Crecimos bajo conceptos rígidos con los que intentaban predecir los años venideros. Familia, matrimonio, tener un título son palabras que cada vez causan más dudas que certezas.
Nuestros padres nunca imaginaron que existiría el copy-paste a conveniencia. Poco a poco nos hemos acomodado en nuevas formas de permanecer que aprecian más la voluntad concreta-temporal y no la imposición eterna y desconcertante.
En el camino, las muñecas y los platitos de la comidita, el traje de marinerito y la escalera de bombero fueron abandonados por la novedad de una pantalla que no cesaba de brillar.
Fuimos la generación que dio la bienvenida a un nuevo milenio. Se anunciaba con pánico la desconfiguración de una era que empezaba a programarse.
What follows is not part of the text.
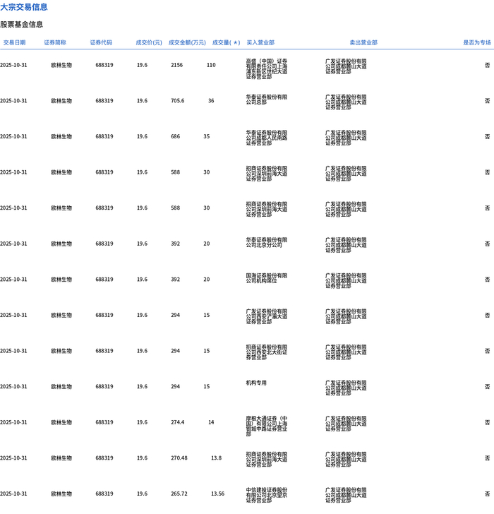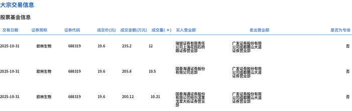 10月31日,欧林生物大宗交易成交400.07万股,成交额7841.32万元,占当日总成交额的21.81%,成交价19.6元,较市场收盘价25.09元折价21.88%。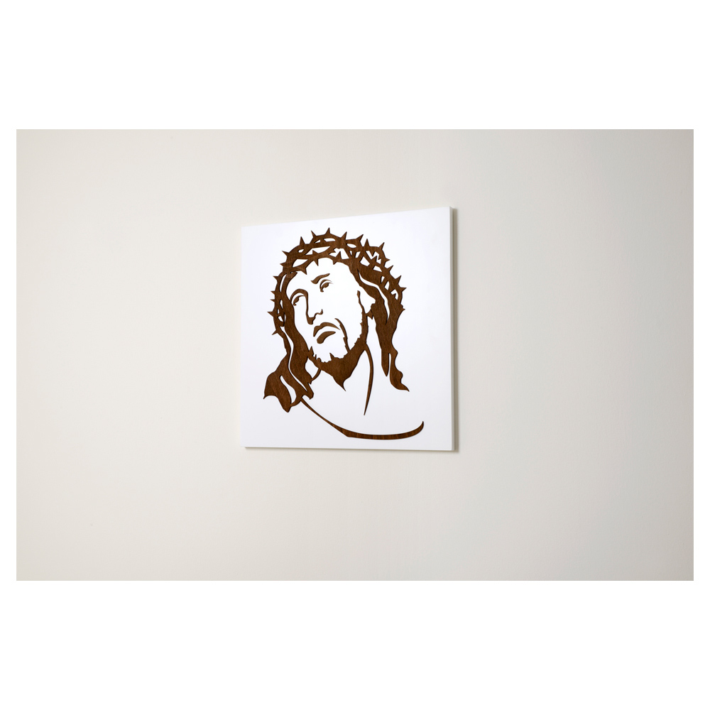 Cadru sacru din lemn lacuit alb cu aplicare a chipului lui Hristos din lemn wengé.

Las computadoras llegarían al año cero al dar las 23 horas con 59 minutos y 59 segundos del año 1999. Ese último cero del dos mil sería una transición hacia la etapa anhelada de los Supersónicos, con todo y Robotina incluida.
Nos habían enseñado que cada paso marcaría en definitiva nuestra vida, un escalón más hacia el anhelado ascenso en la evolución social-profesional o cualquier cosa que eso signifique. Ahora las imágenes parecen estar de cabeza. Es como echar un vistazo, con la mirada de Escher, a un pozo profundo de infinitas opciones.
La ilusión de cambiar al mundo se materializa en forma de arte, artilugio o forma de vida dependiendo del trending topic del día.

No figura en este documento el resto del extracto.